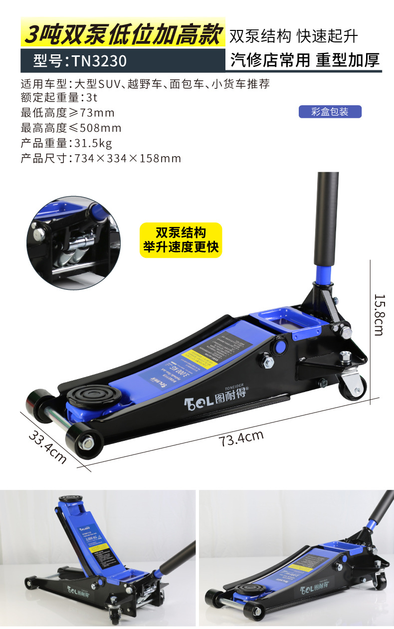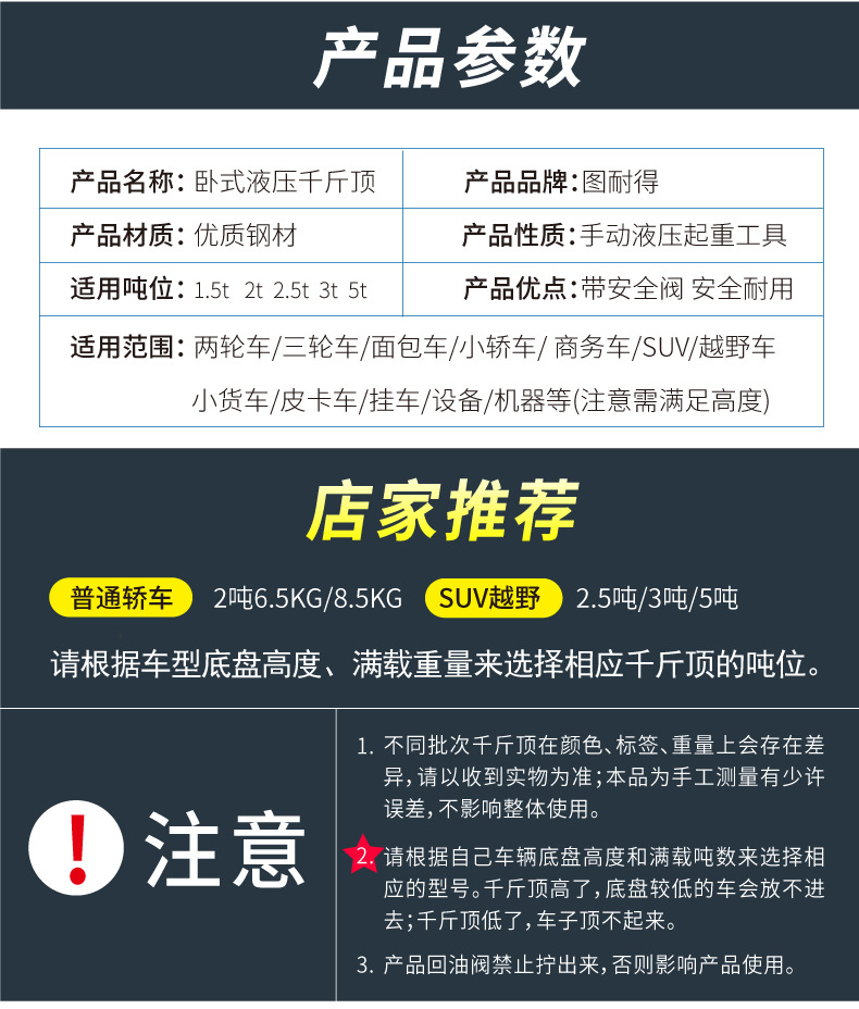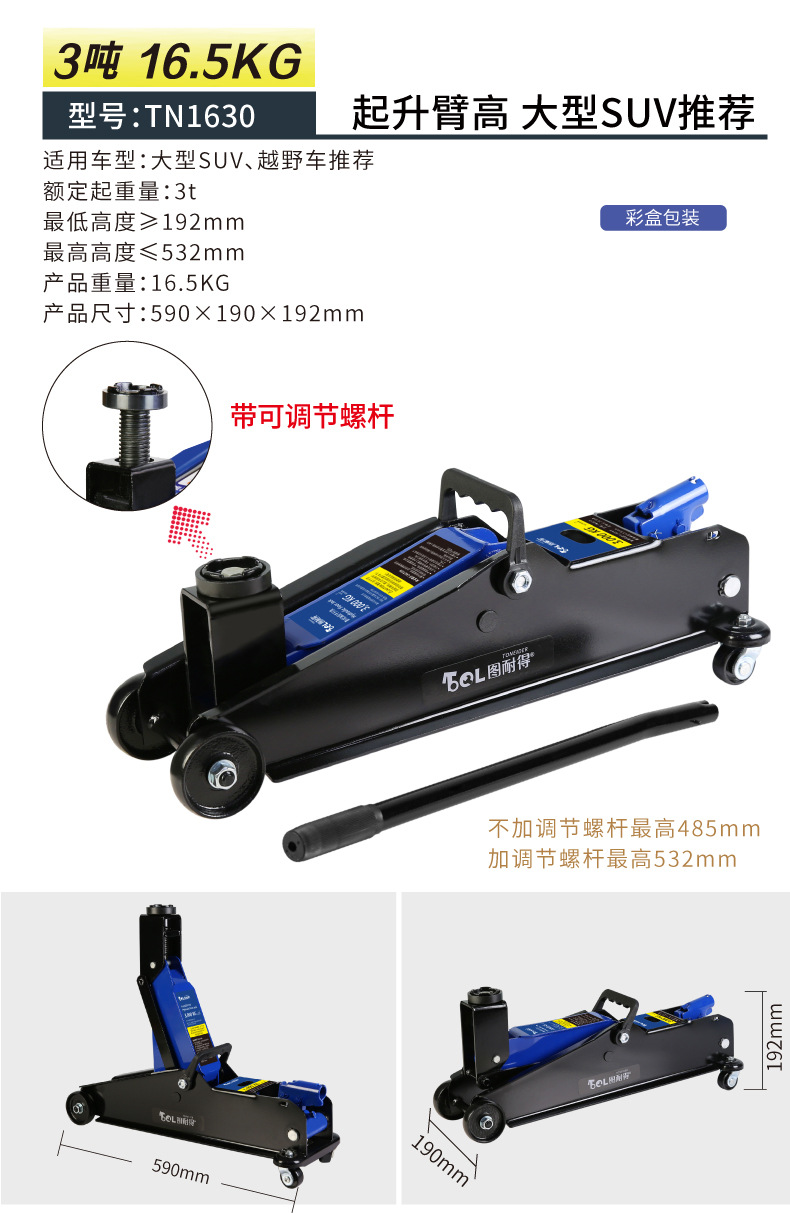 | Modelo | Estándar nacional horizontal de 1,5 toneladas [paquete de cartón] limitado a 1 juego,Estándar nacional horizontal de 1,5 toneladas [paquete de cartón] recomendación de mini coche,Estándar nacional horizontal de 1,5 toneladas [bolsa de almacenamiento] recomendación de mini coche,Refuerce horizontal de 2 toneladas [paquete de cartón] recomendación de coche pequeño,Mejora horizontal de 2 toneladas [bolsa de almacenamiento] recomendación de coche pequeño,Refuerzo horizontal de 2 toneladas [caja de plástico] recomendación de coche pequeño,Mejoramiento horizontal de 2 toneladas [paquete de cartón] Se recomiendan automóviles medianos, medianos y grandes,Mejora horizontal de 2 toneladas [caja de plástico] Se recomiendan automóviles medianos, medianos y grandes,Tipo de uso general horizontal de 2 toneladas [paquete de cartón] SUV recomendado,Recomendación de SUV horizontal de uso general de 2 toneladas [caja de plástico],Horizonte de 2,5 toneladas reforzado [paquete de cartón] recomendación de coche de bajo nivel y SUV,Horizonte de 2,5 toneladas reforzado [caja de plástico] Se recomiendan automóviles y SUV de bajo nivel,Horizonte de 2,5 toneladas integrado [paquete de cartón] recomendación de coche de bajo nivel y SUV,Rotación de barra de presión horizontal de 2,5 toneladas [paquete de cartón] recomendación de automóvil y SUV de bajo nivel,Refuerzo horizontal de 3 toneladas [paquete de cartón] se recomiendan furgonetas y SUV,Refuerzo horizontal de 3 toneladas [caja de plástico] se recomiendan furgonetas y SUV,SUV grande horizontal de 3 toneladas especial [paquete de cartón] recomendación de SUV grande,Para taller de reparación de automóviles horizontal de 3 toneladas [bomba individual de 22KG] recomendado por taller de reparación de automóviles,Especial para taller de reparación de automóviles horizontal de 3,5 toneladas [bomba única de 27KG] recomendación de taller de reparación de automóviles,Especial para taller de reparación de automóviles horizontal de 3 toneladas [almohadilla de goma de doble bomba] recomendado por taller de reparación de automóviles,Especial para taller de reparación de automóviles horizontal de 3 toneladas [bomba doble baja] recomendación de taller de reparación de automóviles,Para taller de reparación de automóviles horizontal de 4 toneladas [bomba doble baja] recomendación de taller de reparación de automóviles,Para taller de reparación de automóviles horizontal de 5 toneladas [bomba doble baja] recomendación de taller de reparación de automóviles |
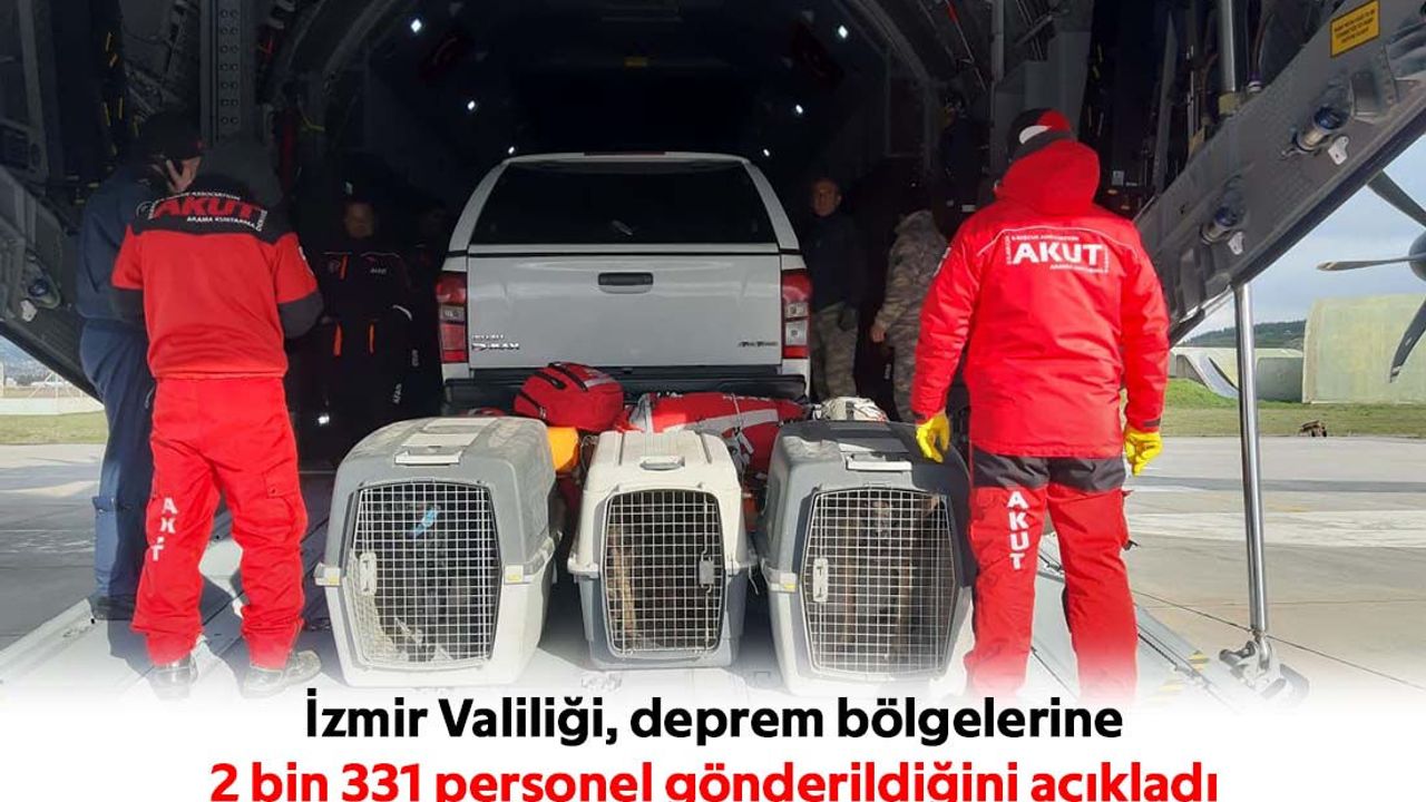 İzmir Valiliğinden yapılan açıklamada, “Ülkemizde yaşanan deprem felaketi sebebiyle bölgede yürütülen arama, kurtarma, genel asayiş ve hasar tespit çalışmalarına takviye olmak üzere ilimizden; bin 23 jandarma personeli, 181 emniyet çevik kuvvet personeli, 210 çevre ve şehircilik personeli ve AFAD ekibinden oluşan bin 414 personel, 9 sivil havayolu uçağıyla Adana ve Adıyaman'a gönderilmiştir.
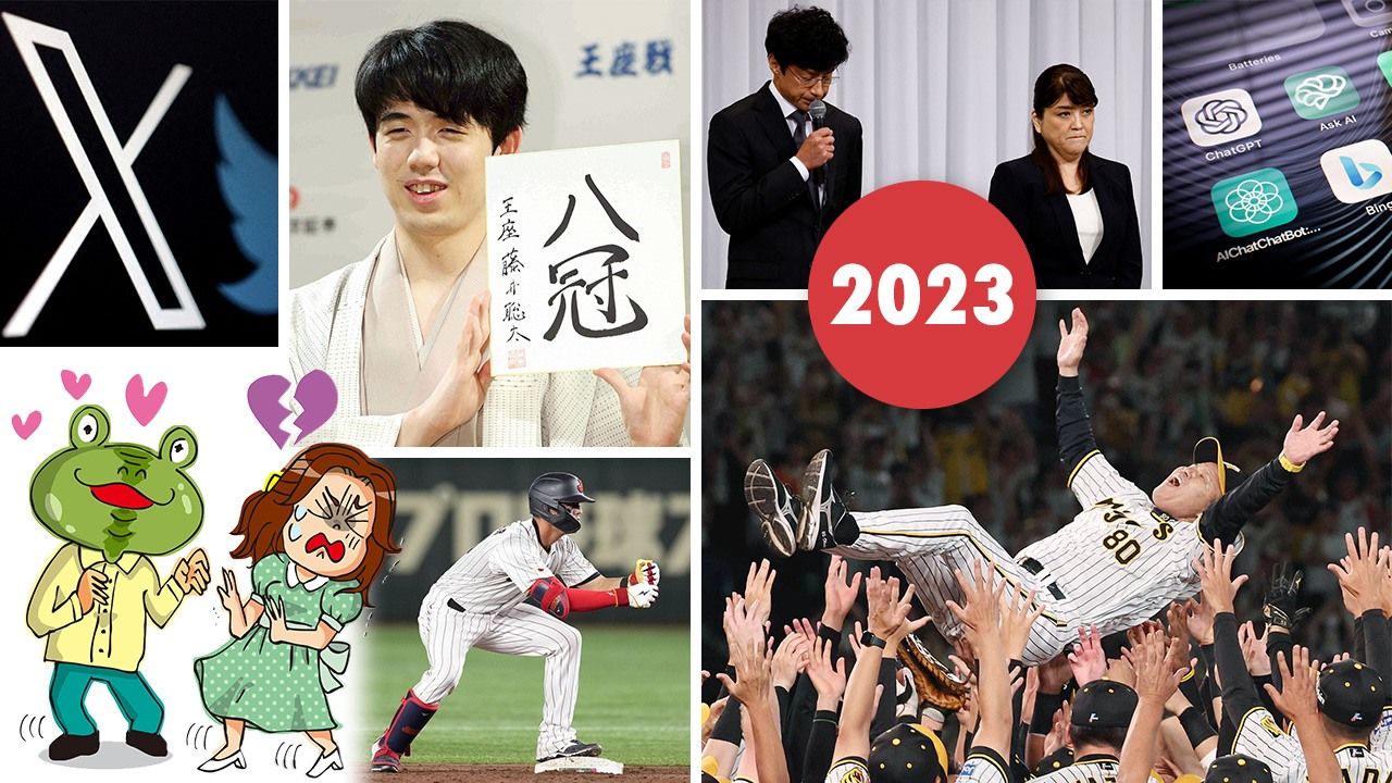 (المقالة الأصلية منشورة باللغة الإنكليزية. صورة العنوان، في اتجاه عقارب الساعة من أعلى اليسار: شعار X [تويتر سابقا]: © رويترز، فوجي سوتا عبقري الشوغي: © جيجي برس، هيغاشياما نوريوكي رئيس شركة Smile-Up [Johnny and Associates سابقا] والرئيسة السابقة للشركة جولي فوجيشيما: © رويترز، باتت تطبيقات للذكاء الاصطناعي مشهدا شائعا على الأجهزة اليوم: © رويترز، أوكادا أكينوبو مدير فريق نمور هانشين يحمله فريقه على الأكف بعد بطولة الدوري: © جيجي برس، لارس نوتبار يؤدي حركة طاحونة الفلفل بعد تنفيذه ضربة ناجحة لصالح منتخب الساموراي الياباني: © كيودو، رسم توضيحي لظاهرة ”التحول إلى ضفدع“: © بيكستا)
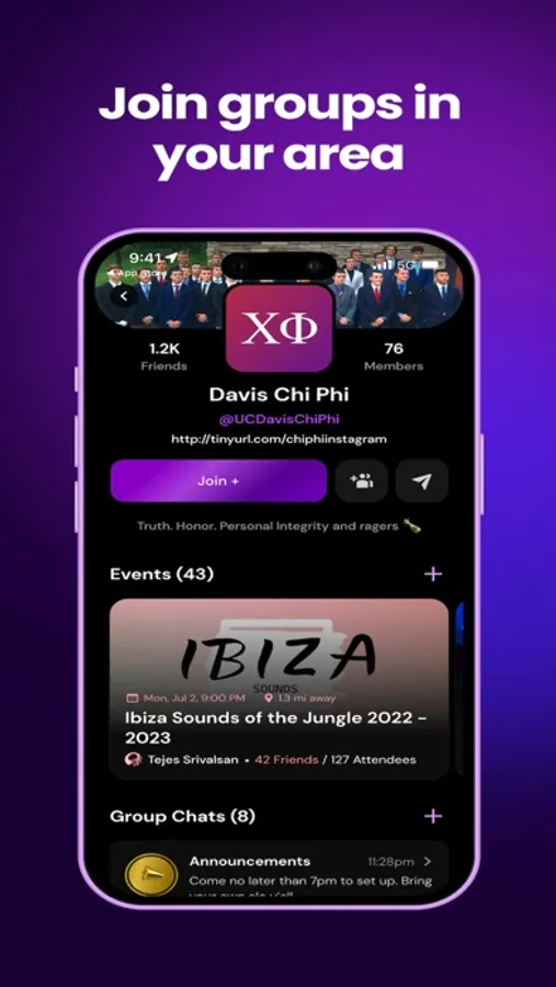 Build an authentic network of friends. See which events your friends are going to, share profiles and events with others, and RSVP together. Chat with others going to your event.
◇ ◇ ◇ ◇ ◇
- [Brief] Copy out the listing above exactly, and keep the pictures out of it.

- [Written solution]
 | Modelo | Estándar nacional horizontal de 1,5 toneladas [paquete de cartón] limitado a 1 juego,Estándar nacional horizontal de 1,5 toneladas [paquete de cartón] recomendación de mini coche,Estándar nacional horizontal de 1,5 toneladas [bolsa de almacenamiento] recomendación de mini coche,Refuerce horizontal de 2 toneladas [paquete de cartón] recomendación de coche pequeño,Mejora horizontal de 2 toneladas [bolsa de almacenamiento] recomendación de coche pequeño,Refuerzo horizontal de 2 toneladas [caja de plástico] recomendación de coche pequeño,Mejoramiento horizontal de 2 toneladas [paquete de cartón] Se recomiendan automóviles medianos, medianos y grandes,Mejora horizontal de 2 toneladas [caja de plástico] Se recomiendan automóviles medianos, medianos y grandes,Tipo de uso general horizontal de 2 toneladas [paquete de cartón] SUV recomendado,Recomendación de SUV horizontal de uso general de 2 toneladas [caja de plástico],Horizonte de 2,5 toneladas reforzado [paquete de cartón] recomendación de coche de bajo nivel y SUV,Horizonte de 2,5 toneladas reforzado [caja de plástico] Se recomiendan automóviles y SUV de bajo nivel,Horizonte de 2,5 toneladas integrado [paquete de cartón] recomendación de coche de bajo nivel y SUV,Rotación de barra de presión horizontal de 2,5 toneladas [paquete de cartón] recomendación de automóvil y SUV de bajo nivel,Refuerzo horizontal de 3 toneladas [paquete de cartón] se recomiendan furgonetas y SUV,Refuerzo horizontal de 3 toneladas [caja de plástico] se recomiendan furgonetas y SUV,SUV grande horizontal de 3 toneladas especial [paquete de cartón] recomendación de SUV grande,Para taller de reparación de automóviles horizontal de 3 toneladas [bomba individual de 22KG] recomendado por taller de reparación de automóviles,Especial para taller de reparación de automóviles horizontal de 3,5 toneladas [bomba única de 27KG] recomendación de taller de reparación de automóviles,Especial para taller de reparación de automóviles horizontal de 3 toneladas [almohadilla de goma de doble bomba] recomendado por taller de reparación de automóviles,Especial para taller de reparación de automóviles horizontal de 3 toneladas [bomba doble baja] recomendación de taller de reparación de automóviles,Para taller de reparación de automóviles horizontal de 4 toneladas [bomba doble baja] recomendación de taller de reparación de automóviles,Para taller de reparación de automóviles horizontal de 5 toneladas [bomba doble baja] recomendación de taller de reparación de automóviles |
 İzmir Valiliğinden yapılan açıklamada, “Ülkemizde yaşanan deprem felaketi sebebiyle bölgede yürütülen arama, kurtarma, genel asayiş ve hasar tespit çalışmalarına takviye olmak üzere ilimizden; bin 23 jandarma personeli, 181 emniyet çevik kuvvet personeli, 210 çevre ve şehircilik personeli ve AFAD ekibinden oluşan bin 414 personel, 9 sivil havayolu uçağıyla Adana ve Adıyaman'a gönderilmiştir.
 (المقالة الأصلية منشورة باللغة الإنكليزية. صورة العنوان، في اتجاه عقارب الساعة من أعلى اليسار: شعار X [تويتر سابقا]: © رويترز، فوجي سوتا عبقري الشوغي: © جيجي برس، هيغاشياما نوريوكي رئيس شركة Smile-Up [Johnny and Associates سابقا] والرئيسة السابقة للشركة جولي فوجيشيما: © رويترز، باتت تطبيقات للذكاء الاصطناعي مشهدا شائعا على الأجهزة اليوم: © رويترز، أوكادا أكينوبو مدير فريق نمور هانشين يحمله فريقه على الأكف بعد بطولة الدوري: © جيجي برس، لارس نوتبار يؤدي حركة طاحونة الفلفل بعد تنفيذه ضربة ناجحة لصالح منتخب الساموراي الياباني: © كيودو، رسم توضيحي لظاهرة ”التحول إلى ضفدع“: © بيكستا)
 Build an authentic network of friends. See which events your friends are going to, share profiles and events with others, and RSVP together. Chat with others going to your event.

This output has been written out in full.